The argument put forward here is not the same as the Third Way but it does use the principles Aquinas proposes. There are too many uncertainties with the science involved to claim that such an argument is compelling, but, given what we think we know about the Universe, it does have a certain fascination.
VI The Fourth Way
The basic contention of the Fourth Way is that whatever is most F must be the cause of all else that is F, therefore since we know there are good things and existing things there must be something which is most good and most existing and this we call God. The data of experience appealled to is our everyday experience of the gradation in things. This argument is clearly platonic and is the argument most in tune with the Christian Neoplatonism that had prevailed until the 13th century.

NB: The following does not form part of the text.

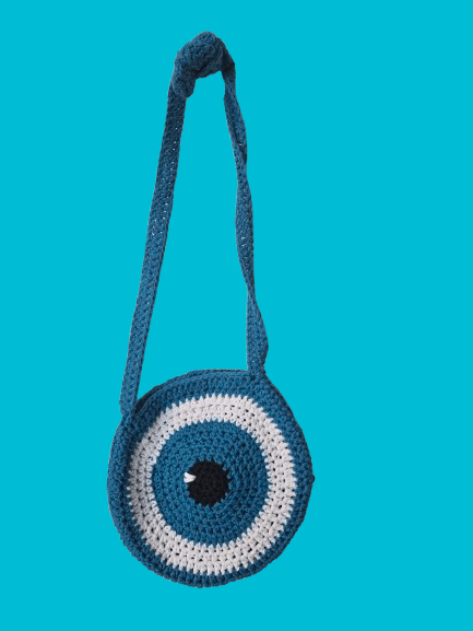 Carry style and protection all in one with this handmade Mystic Eye Crossbody Bag. Measuring 8.5 inches in circumference, this unique piece is crocheted entirely from soft cotton yarn for a lightweight yet durable finish. Designed without a liner, it maintains its natural, flexible texture while showcasing the bold, eye-catching design.

The argument of the Fourth Way depends on the truth of a Platonic ontology. In contrast to Plato's concern with the eternal aspect of Forms - for Plato the world of Forms simply describes how things are - Aquinas stresses that the highest good causes lesser goods. This goes along with Aquinas' overall emphasis on creation. A basically Platonic world is assumed however, and so the argument runs into all the problems of Plato's cosmology. Kenny lists modern attempts to re-conceptualise forms; "paradigms", such as the standard metre in Paris, "concrete universals" such as "all the water in the Universe", "concepts", and "classes". All these have similarities with Platonic Forms, but they fail in one way or another to satisfy what a Form was meant to be. Plato's Forms were to fulfil the role of both universals and paradigms: it is impossible however, for one thing to fulfil both roles. The objections to Platonic forms make that part of the Fourth Way which suggests that a thing's Fness is caused by some supremeÿF difficult to defend. As well as this fundamental objection there are problems as Kenny notes with the whole idea of gradation: to what extent can perceived gradations be attributed to the things themselves rather than to the prejudices of the observer?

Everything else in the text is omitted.